[Opening Recorded information section]

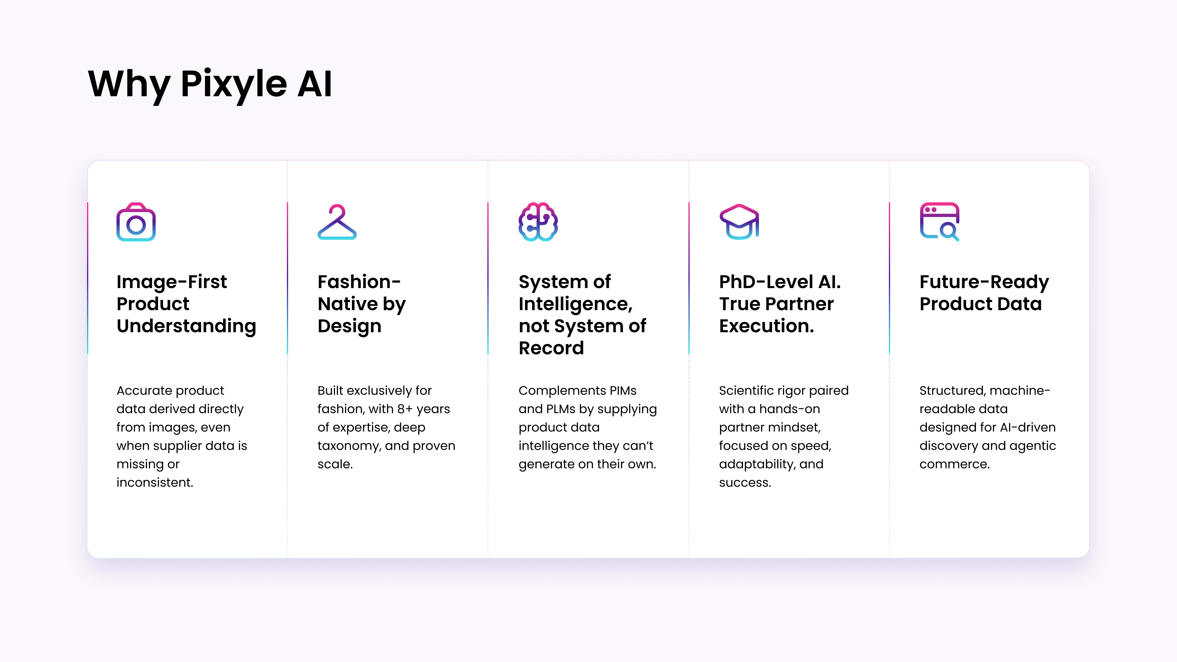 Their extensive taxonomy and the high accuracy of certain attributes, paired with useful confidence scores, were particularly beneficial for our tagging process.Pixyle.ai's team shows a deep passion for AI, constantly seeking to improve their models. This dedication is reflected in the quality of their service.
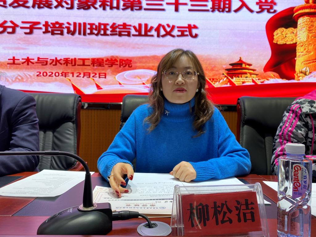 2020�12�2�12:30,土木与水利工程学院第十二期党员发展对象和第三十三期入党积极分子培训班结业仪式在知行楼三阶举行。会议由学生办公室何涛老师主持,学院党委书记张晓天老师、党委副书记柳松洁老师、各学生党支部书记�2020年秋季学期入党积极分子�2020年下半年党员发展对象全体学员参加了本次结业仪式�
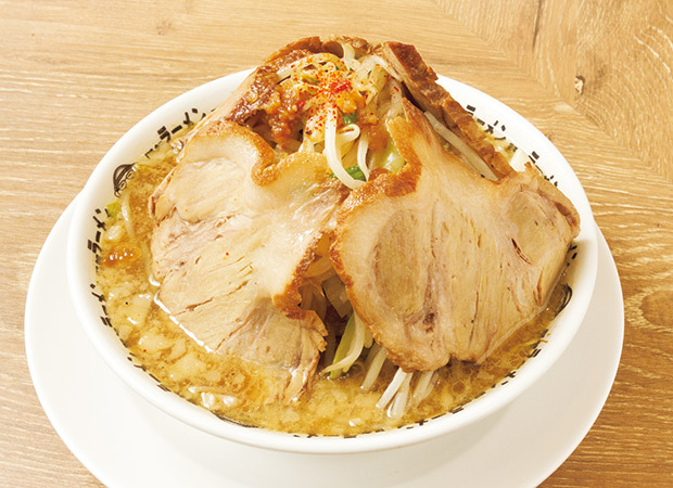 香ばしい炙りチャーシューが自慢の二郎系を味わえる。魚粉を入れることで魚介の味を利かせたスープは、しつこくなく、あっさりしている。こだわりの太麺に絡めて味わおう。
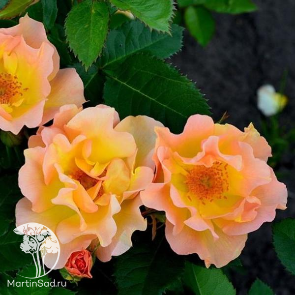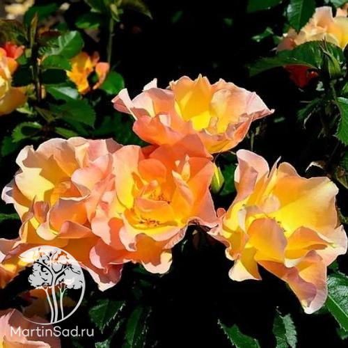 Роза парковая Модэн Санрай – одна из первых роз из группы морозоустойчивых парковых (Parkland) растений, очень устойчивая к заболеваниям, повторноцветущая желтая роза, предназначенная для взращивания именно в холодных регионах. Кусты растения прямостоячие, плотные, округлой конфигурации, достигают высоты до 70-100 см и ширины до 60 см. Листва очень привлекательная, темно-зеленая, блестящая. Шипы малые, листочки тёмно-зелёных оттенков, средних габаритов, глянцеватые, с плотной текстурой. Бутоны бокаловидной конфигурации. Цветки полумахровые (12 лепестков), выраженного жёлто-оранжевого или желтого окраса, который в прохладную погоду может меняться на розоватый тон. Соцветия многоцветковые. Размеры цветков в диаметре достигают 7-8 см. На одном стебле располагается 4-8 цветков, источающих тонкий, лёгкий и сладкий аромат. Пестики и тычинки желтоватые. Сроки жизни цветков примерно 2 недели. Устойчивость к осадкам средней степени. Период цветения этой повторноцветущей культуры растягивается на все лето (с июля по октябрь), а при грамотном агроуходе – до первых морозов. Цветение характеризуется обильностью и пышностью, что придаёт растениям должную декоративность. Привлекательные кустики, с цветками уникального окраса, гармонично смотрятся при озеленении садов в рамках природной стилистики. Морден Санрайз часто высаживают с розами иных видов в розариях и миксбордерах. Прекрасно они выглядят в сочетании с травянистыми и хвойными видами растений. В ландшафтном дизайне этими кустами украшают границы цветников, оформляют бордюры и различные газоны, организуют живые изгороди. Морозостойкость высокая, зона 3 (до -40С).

[Closing Recorded information section]

Work instructions
Word for word, reproduce the listing above; no image should be carried over.

Written solution
 Their extensive taxonomy and the high accuracy of certain attributes, paired with useful confidence scores, were particularly beneficial for our tagging process.Pixyle.ai's team shows a deep passion for AI, constantly seeking to improve their models. This dedication is reflected in the quality of their service.
 2020�12�2�12:30,土木与水利工程学院第十二期党员发展对象和第三十三期入党积极分子培训班结业仪式在知行楼三阶举行。会议由学生办公室何涛老师主持,学院党委书记张晓天老师、党委副书记柳松洁老师、各学生党支部书记�2020年秋季学期入党积极分子�2020年下半年党员发展对象全体学员参加了本次结业仪式�
 香ばしい炙りチャーシューが自慢の二郎系を味わえる。魚粉を入れることで魚介の味を利かせたスープは、しつこくなく、あっさりしている。こだわりの太麺に絡めて味わおう。
 Роза парковая Модэн Санрай – одна из первых роз из группы морозоустойчивых парковых (Parkland) растений, очень устойчивая к заболеваниям, повторноцветущая желтая роза, предназначенная для взращивания именно в холодных регионах. Кусты растения прямостоячие, плотные, округлой конфигурации, достигают высоты до 70-100 см и ширины до 60 см. Листва очень привлекательная, темно-зеленая, блестящая. Шипы малые, листочки тёмно-зелёных оттенков, средних габаритов, глянцеватые, с плотной текстурой. Бутоны бокаловидной конфигурации. Цветки полумахровые (12 лепестков), выраженного жёлто-оранжевого или желтого окраса, который в прохладную погоду может меняться на розоватый тон. Соцветия многоцветковые. Размеры цветков в диаметре достигают 7-8 см. На одном стебле располагается 4-8 цветков, источающих тонкий, лёгкий и сладкий аромат. Пестики и тычинки желтоватые. Сроки жизни цветков примерно 2 недели. Устойчивость к осадкам средней степени. Период цветения этой повторноцветущей культуры растягивается на все лето (с июля по октябрь), а при грамотном агроуходе – до первых морозов. Цветение характеризуется обильностью и пышностью, что придаёт растениям должную декоративность. Привлекательные кустики, с цветками уникального окраса, гармонично смотрятся при озеленении садов в рамках природной стилистики. Морден Санрайз часто высаживают с розами иных видов в розариях и миксбордерах. Прекрасно они выглядят в сочетании с травянистыми и хвойными видами растений. В ландшафтном дизайне этими кустами украшают границы цветников, оформляют бордюры и различные газоны, организуют живые изгороди. Морозостойкость высокая, зона 3 (до -40С).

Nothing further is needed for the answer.